The result of X-legs can also be arthrosis of the knee joint (gonarthrosis). In an X-leg, the outer thigh bone roll is more heavily loaded. As a result, the external meniscus is more strongly stressed and a lateral gonarthrosis occurs.
The therapy is based on the causes and can range from the treatment of the underlying basic disease to the operation.
Special foot-adjusting insoles and gymnastics (physiotherapy) are used to counteract the deficit.
Depending on the severity of the disease, ultimately the method of operative therapy must be taken.
The more frequently the foot muscles are trained, the faster the foot and knee position improves and pain decreases.
Specific initial actions for leg axis misalignment (X-legs / O-legs)
In existing foot weakenings, e.g. Kinky feet, it is initially a challenge for the feet to stand up on the soft-elastic kybun material. It may happen that after a short gestation period, you get tired and tilt to the side. If you try to correct this, you can strengthen your stabilizing foot muscles and thus counteract the foot and knee deficiencies.
For information on the kyBoot practice and the kyBounder basic exercises please click here: kybun Exercises
The following adaptations of the standard execution of the interval walkings are important for an axis misalignment:
Focus on slow exercises, since execution is more controlled
Variant for slow exercise: go backwards (stability given by the transverse arch in the forefoot)

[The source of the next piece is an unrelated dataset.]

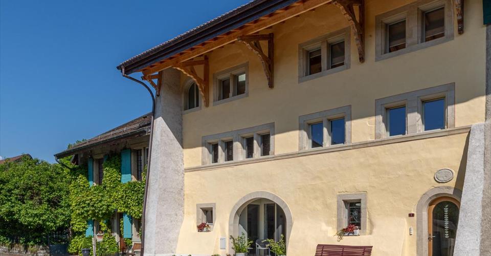 En plein coeur de la Côte Vaudoise, dans le charmant village de Féchy situé à 25 minutes du centre-ville de Genève et 20 de Lausanne, cette superbe bâtisse du XVIème siècle offre un cadre de vie tout à fait exceptionnel. Entièrement rénovée en 2023 par ses actuels propriétaires et disposant d’une très confortable surface habitable d’environ 370 m2, elle se compose actuellement de deux appartements : Occupant le rez-de-chaussée et le premier étage, un duplex d’environ 270 m2 aux très belles finitions. Il comprend au rez une grande pièce de réception avec cuisine ouverte Bulthaup, une petite terrasse et une salle de douche avec toilettes. À l’étage, un vaste séjour avec espace salle-à-manger, une cuisine Boffi donnant sur une petite cour intérieure, une chambre parentale avec salle de douche en suite, un espace bureau et une chambre supplémentaire. Au deuxième étage, un second appartement d’environ 100 m2 et offrant un vaste séjour, une cuisine Bulthaup, deux belles chambres à coucher et une salle de bain complète. Les combles qui comprennent actuellement une buanderie ainsi qu’un local technique pourraient aisément être transformés en chambres supplémentaires ou troisième logement. L’ensemble dispose d’un beau jardin de 500 m2 longé par un ruisseau, d’un petit établi ainsi que d’une terrasse couverte permettant ainsi de profiter des soirées d’été. Un garage double en enfilade ainsi qu’un espace devant ce dernier permettent de garer aisément plusieurs véhicules. Opportunité rare de par ses grands volumes et sa situation paisible, ce bien unique offrira diverses possibilités : maison familiale, bureaux et habitation ou objet de rendement. À découvrir sans tarder.

We advise you to wear the kyBoot without orthopedic footwear, as an active stabilization training of the foot. The foot musculature takes several months, with regular training, until it is sufficiently strong to go several hours in the kyBoot. You can wear the normal shoes with inserts as relief between. A continuous wear of the kyBoot can at the beginning (in the first weeks / months), after years of longing, the feet overstrain.
Insoles are a passive support for the foot, and in no way improve the foot situation in the long term. We recommend that the orthopedic insoles do not wear constantly. Listen best to your body, who tells you what is good for him, and when he needs a break.
Make sure that you apply the sole evenly in the kyBoot and the foot stands upright on the sole. So you have a favorable leg axis and also less an “inward kinking” of the feet and knees.
If you are very tired, have pain, or can not correct a lateral tipping of the foot, it is time to insert a short kybun break.
Do not take too long steps, which facilitates a good footing in kyBoot. This will tilt you less strongly inside.
Some people feel too unstable in the kyBoot. In this case, we advise you to try kyBoot models, some higher-cut models give more stability. We also recommend the second generation of the second generation, which is slightly wider in the midfoot area and therefore provides more safety when walking (consult the kybun specialist shop).
If you are still unsure about the kyBoot, we advise you to use kyBounder. The kyBounders are available in 3 different thicknesses; This allows you to choose the thickness where it is best for you (the thicker – the more unstable – the more intense the workout).
In addition, the kyBounder has the option, if you need additional support, to hold onto a fixed object.
If you have any further questions, please contact a kybun dealer, who will be happy to advise you personally.